Open xiaahui opened 6 years ago
As you say triplet loss is one technique to learn a good embedding. The whole field is called representation learning, and the goal is to learn a good representation (the embedding) of an input (the image).
If you have already trained a good model with triplet loss, you can definitely use it as a feature extractor and then feed the features to a simpler model.
Usually triplet loss is used because the embedding space is discriminatory: two embeddings of the same person should always be closer than two embeddings of distinct people.
Using that knowledge, you can do face recognition for instance by comparing a new image of a face to all the training faces you have, and give it the label of the closest embedding.
To put it another way, you perform a sort of k-NN with k=1
on the embeddings to find the label of a new face.
how to use the triplet loss for classification.Do you have any code to share?
You can just run a kNN algorithm here. For instance, in the embedding space, you could run a 3-NN search. Then, you will get the labels of the 3-NN's results. And just take the majority.
Since estimator.predict can only return the embeddings but not the labels, I have to use the following codes to get the labels of the training data to do 3-nn search. However, I got the following error: GraphDef cannot be larger than 2GB. Is there any better way for classification?
dataset = cifar_dataset.train()
dataset = dataset.map(lambda img, lab: lab)
dataset = dataset.batch(train_length)
labels_tensor = dataset.make_one_shot_iterator().get_next()
train_labels = sess.run(labels_tensor)
One potential issue is that you create a batch on the full CIFAR dataset, which might be too big.
Maybe try smaller batches and concatenate the resulting labels:
dataset = cifar_dataset.train()
dataset = dataset.map(lambda img, lab: lab)
dataset = dataset.batch(128)
labels_tensor = dataset.make_one_shot_iterator().get_next()
train_labels = []
try:
while True:
train_labels.append(sess.run(labels_tensor))
except tf.errors.OutOfRangeError:
pass
train_labels = np.concatenate(train_labels)
@omoindrot We can learn embeddings through triplet loss, but we can not get the label at once.

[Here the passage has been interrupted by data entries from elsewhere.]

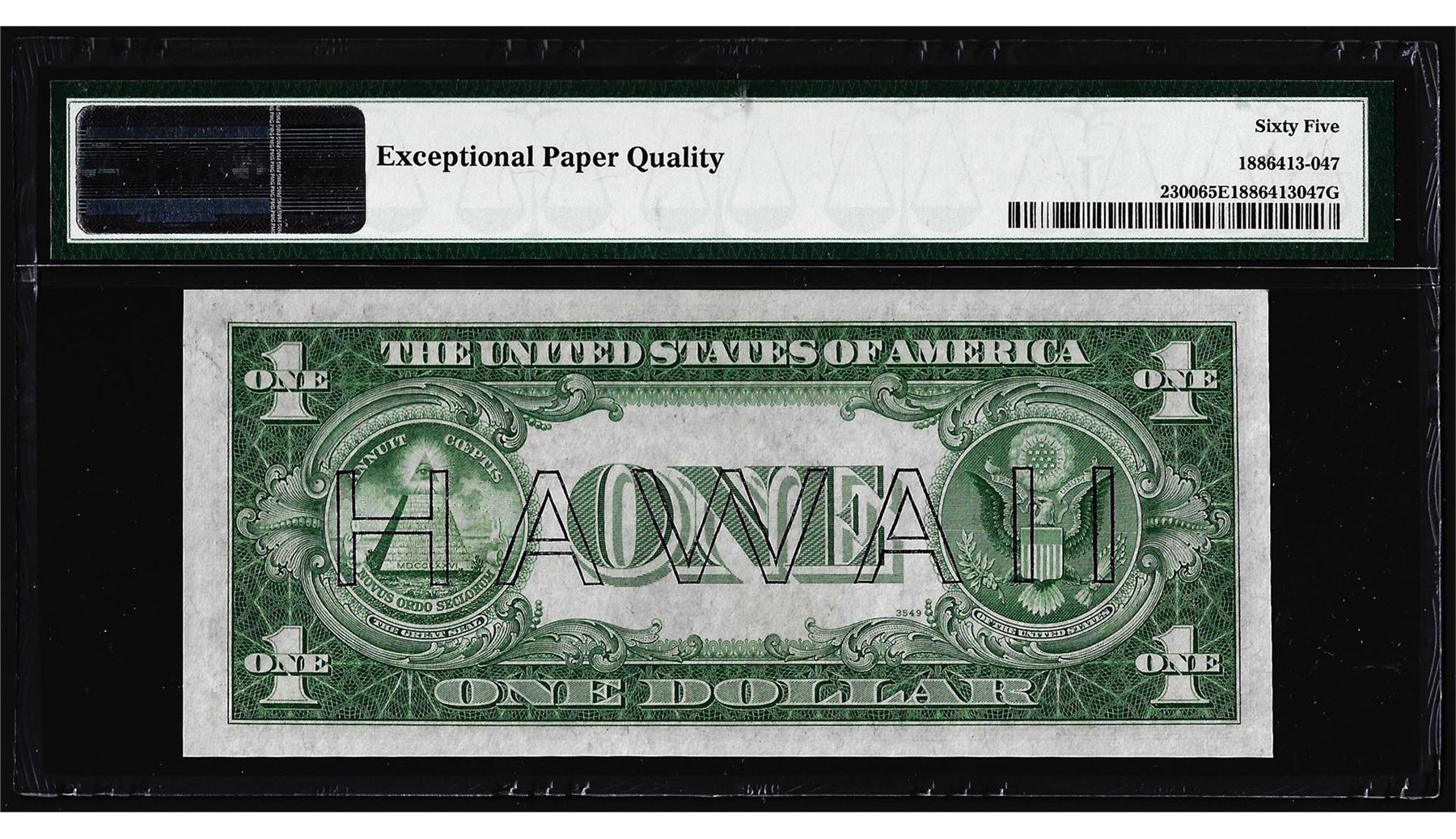 One 1935A $1 Hawaii Silver Certificate WWII Emergency Note PMG Gem Uncirculated 65EPQ. PMG Certified.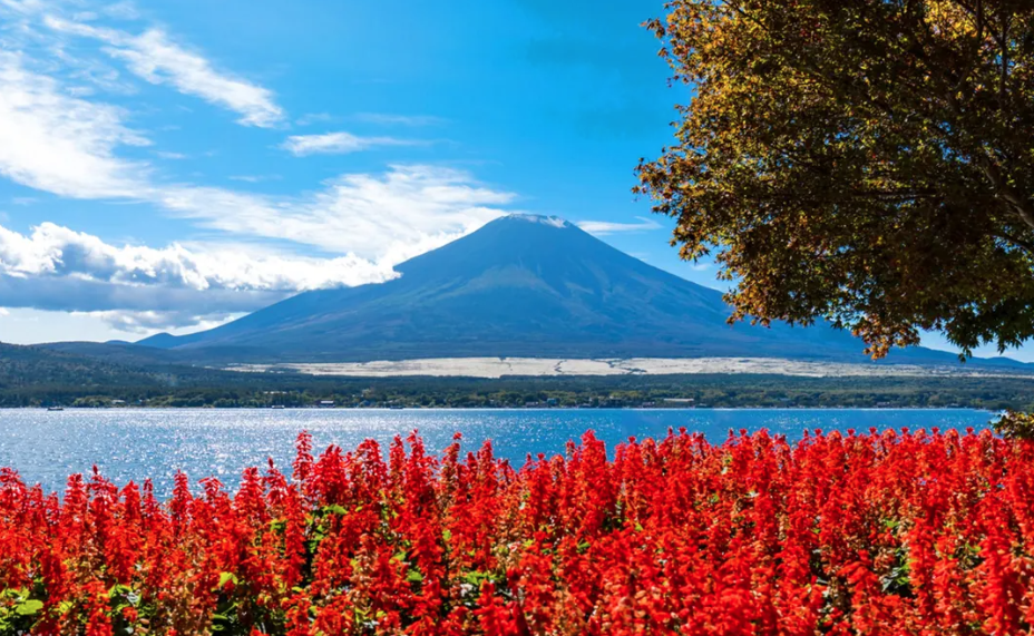 가와구치코 오이시 공원: 여름에는 라벤더가 만개하고 가을에는 빗자루처럼 생긴 코키아가 붉게 물들어 후지산의 풍경과 조화를 이루며 자연과 아름다움의 완벽한 조화를 선사합니다.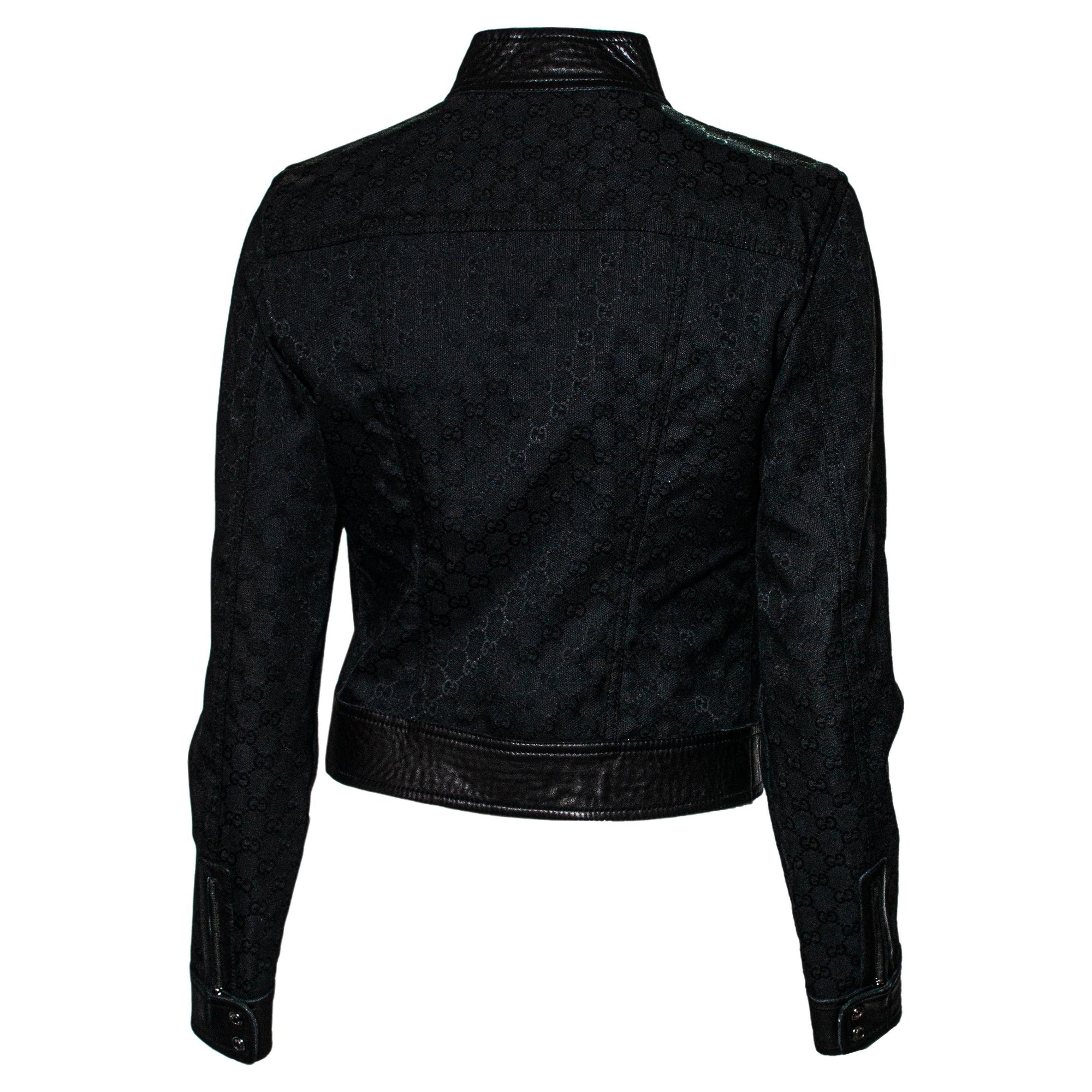 It does not get more Gucci than this. Designed by Tom Ford for the F/W 2000 collection, this jacket is constructed of leather and overlayed with a black 'GG' Gucci monogram canvas. This piece has two zippered pockets at the beast and zipper closure with snap closures at the top and bottom of the central zipper track. This stunning jacket is easily dressed up or down and can be paired with a matching skirt or pants, also available in our store.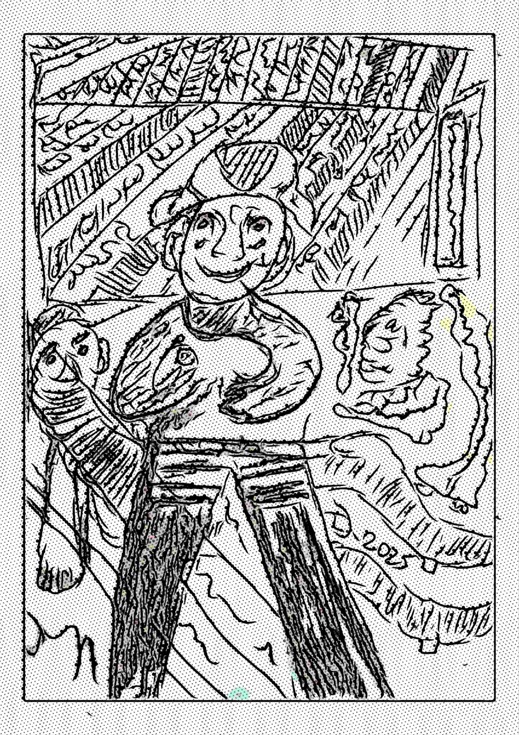Mit „Strichwelten“ entführt LTJ den Betrachter in eine surreale Szenerie, die zwischen kindlicher Naivität und dadaistischem Chaos oszilliert. Im Mittelpunkt steht eine fröhlich wirkende Figur – breites Lächeln, große Augen, eine Kappe auf dem Kopf – fast wie ein Cartoonheld aus einer vergessenen Ära. Doch der Kontext ist alles andere als harmlos: Das Dach scheint sich zu neigen, Linien laufen quer, Worte oder Zeichen durchkreuzen das Bild wie kryptische Gedanken oder akustische Störungen.

Therefore, I wonder if you can add some FC layers with a softmax layer after triplet loss so that the softmax layer could learn a classification plane and output the score at once.
You could for instance train a good embedding with triplet loss, then freeze this network and add one or more fully connected with a final softmax.

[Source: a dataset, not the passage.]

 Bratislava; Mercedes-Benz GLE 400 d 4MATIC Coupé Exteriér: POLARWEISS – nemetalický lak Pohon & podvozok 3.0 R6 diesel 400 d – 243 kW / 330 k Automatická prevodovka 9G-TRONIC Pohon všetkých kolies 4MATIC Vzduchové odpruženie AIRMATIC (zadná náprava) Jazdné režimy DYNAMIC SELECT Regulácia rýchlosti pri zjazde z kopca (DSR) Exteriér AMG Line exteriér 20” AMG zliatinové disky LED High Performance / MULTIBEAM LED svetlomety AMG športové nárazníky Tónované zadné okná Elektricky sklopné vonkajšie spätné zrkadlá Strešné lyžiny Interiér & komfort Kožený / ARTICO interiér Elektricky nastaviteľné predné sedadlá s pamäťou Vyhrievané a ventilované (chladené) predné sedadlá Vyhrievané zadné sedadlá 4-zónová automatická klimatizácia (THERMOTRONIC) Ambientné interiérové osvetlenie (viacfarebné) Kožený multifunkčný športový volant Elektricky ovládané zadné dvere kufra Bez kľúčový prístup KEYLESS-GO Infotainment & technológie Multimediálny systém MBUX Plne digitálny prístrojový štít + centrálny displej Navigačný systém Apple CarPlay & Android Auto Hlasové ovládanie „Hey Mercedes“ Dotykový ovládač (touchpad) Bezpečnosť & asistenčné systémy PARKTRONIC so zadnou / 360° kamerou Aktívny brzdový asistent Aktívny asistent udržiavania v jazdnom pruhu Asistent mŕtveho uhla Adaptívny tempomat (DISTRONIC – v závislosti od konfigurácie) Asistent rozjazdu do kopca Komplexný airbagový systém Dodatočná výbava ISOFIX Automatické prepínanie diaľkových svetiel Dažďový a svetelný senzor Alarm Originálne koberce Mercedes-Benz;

image --> frozen network --> embedding --> FC --> FC --> softmax
However this is in the case where you know in advance the number of classes you have.

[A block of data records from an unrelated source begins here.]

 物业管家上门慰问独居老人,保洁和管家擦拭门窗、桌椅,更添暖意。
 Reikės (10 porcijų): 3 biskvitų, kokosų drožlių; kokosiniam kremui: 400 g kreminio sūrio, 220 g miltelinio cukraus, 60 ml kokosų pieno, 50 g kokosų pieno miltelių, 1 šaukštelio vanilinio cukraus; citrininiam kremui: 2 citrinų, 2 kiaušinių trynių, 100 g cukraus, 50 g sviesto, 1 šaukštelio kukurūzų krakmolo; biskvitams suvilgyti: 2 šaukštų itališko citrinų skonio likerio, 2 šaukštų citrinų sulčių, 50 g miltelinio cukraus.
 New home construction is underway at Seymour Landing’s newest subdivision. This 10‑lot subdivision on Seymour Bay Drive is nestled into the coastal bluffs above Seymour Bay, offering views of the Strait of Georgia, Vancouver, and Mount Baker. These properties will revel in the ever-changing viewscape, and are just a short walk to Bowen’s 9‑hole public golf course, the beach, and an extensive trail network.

Triplet loss is often used in projects where you don't know the number of classes, such as in face recognition.
With a triplet loss trained embedding, you can easily check if two faces are close together or not, and have a threshold to indicate whether they belong to the same person or not.
What threshold should you use to compare two embeddings? Is it the margin hyperparameter you used in training?
I posted this question on stats.stackexchange.com and datascience.stackexchange.com
@justasbieliauskas : yes the margin parameter can be used as a threshold to classify two images as belonging to the same class or not.
@omoindrot @justasbieliauskas I do not agree that you can treat the margin as the threshold, because margin defines the target difference of distances between positive and negative pairs (Dap - Dan) not the distance intself. Experimenting with few different NN architectures I found that there are different optimal thresholds for different architectures. This can especially vary if you normalise the output embeddings vector and/or if you use relu at the last (embeddings) layer (which you should not do)
Good point @bartoszpawlowicz
Thank you for you tutorial and implementation of triplet loss. I have one questions about how to use the triplet loss for classification. If we need to do the classification, we could use the "embeddings" and then take the "embeddings" as feature then train model like SVM,GBDT to classify? This way the triplet-loss works like a feature extractor. Do you have any other suggestions for classification? Thanks.